I'm trying to migrate my current streaming app, which is based on using RDDs (from their documentation ) to their new Datasets API using structured streaming, which I'm told is the preferred approach to do real time streaming with Spark these days.
Currently I have the app setup to consume from 1 topic called "SATELLITE", that has messages containing a key timestamp and value containing a Satellite
POJO. But I'm having problems figuring out how to implement a deserializer for this. In the my current app it is easy, you just add a line to your like kafka properties map kafkaParams.put("value.deserializer", SatelliteMessageDeserializer.class);
I'm doing this in Java, which is presenting the biggest challenge, because all the solutions appear to be in Scala, which I don't understand well and I'm not easily able to convert Scala code to Java code.
I followed an example for JSON outlined in this question , which currently works, but seems overly complex for what I need to do. Given that I already have custom deserializer made for this purpose, I don't see why I should have to cast it to a string first, only to just convert it to JSON, to then convert it to my desired class type. I've also been trying to use some of the examples I found here , but I've had no luck so far.
Currently my app looks like this (using the json approach):
import common.model.Satellite;
import org.apache.spark.sql.*;
import org.apache.spark.sql.streaming.StreamingQueryException;
import org.apache.spark.sql.types.DataTypes;
import org.apache.spark.sql.types.StructField;
import org.apache.spark.sql.types.StructType;
public class SparkStructuredStreaming implements Runnable{
private String bootstrapServers;
private SparkSession session;
public SparkStructuredStreaming(final String bootstrapServers, final SparkSession session) {
this.bootstrapServers = bootstrapServers;
this.session = session;
}
@Override
public void run() {
Dataset<Row> df = session
.readStream()
.format("kafka")
.option("kafka.bootstrap.servers", bootstrapServers)

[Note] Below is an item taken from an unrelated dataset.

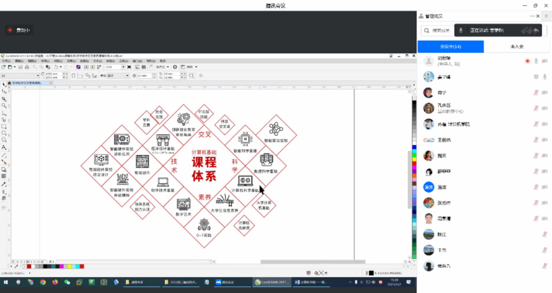 计算机基础教学改革进程,计算机基础教学与实验中心于2023年1月3日下午召开了计算机基础教学课程体系研讨会。会议采用线上形式举行,参会人员为计算机基础课程负责人及骨干老师。

.option("subscribe", "SATELLITE")
.load();
StructType schema = DataTypes.createStructType(new StructField[] {
DataTypes.createStructField("id", DataTypes.StringType, true),
DataTypes.createStructField("gms", DataTypes.StringType, true),
DataTypes.createStructField("satelliteId", DataTypes.StringType, true),
DataTypes.createStructField("signalId", DataTypes.StringType, true),
DataTypes.createStructField("cnr", DataTypes.DoubleType, true),
DataTypes.createStructField("constellation", DataTypes.StringType, true),
DataTypes.createStructField("timestamp", DataTypes.TimestampType, true),
DataTypes.createStructField("mountPoint", DataTypes.StringType, true),
DataTypes.createStructField("pseudorange", DataTypes.DoubleType, true),
DataTypes.createStructField("epochTime", DataTypes.IntegerType, true)
});
Dataset<Satellite> df1 = df.selectExpr("CAST(value AS STRING) as message")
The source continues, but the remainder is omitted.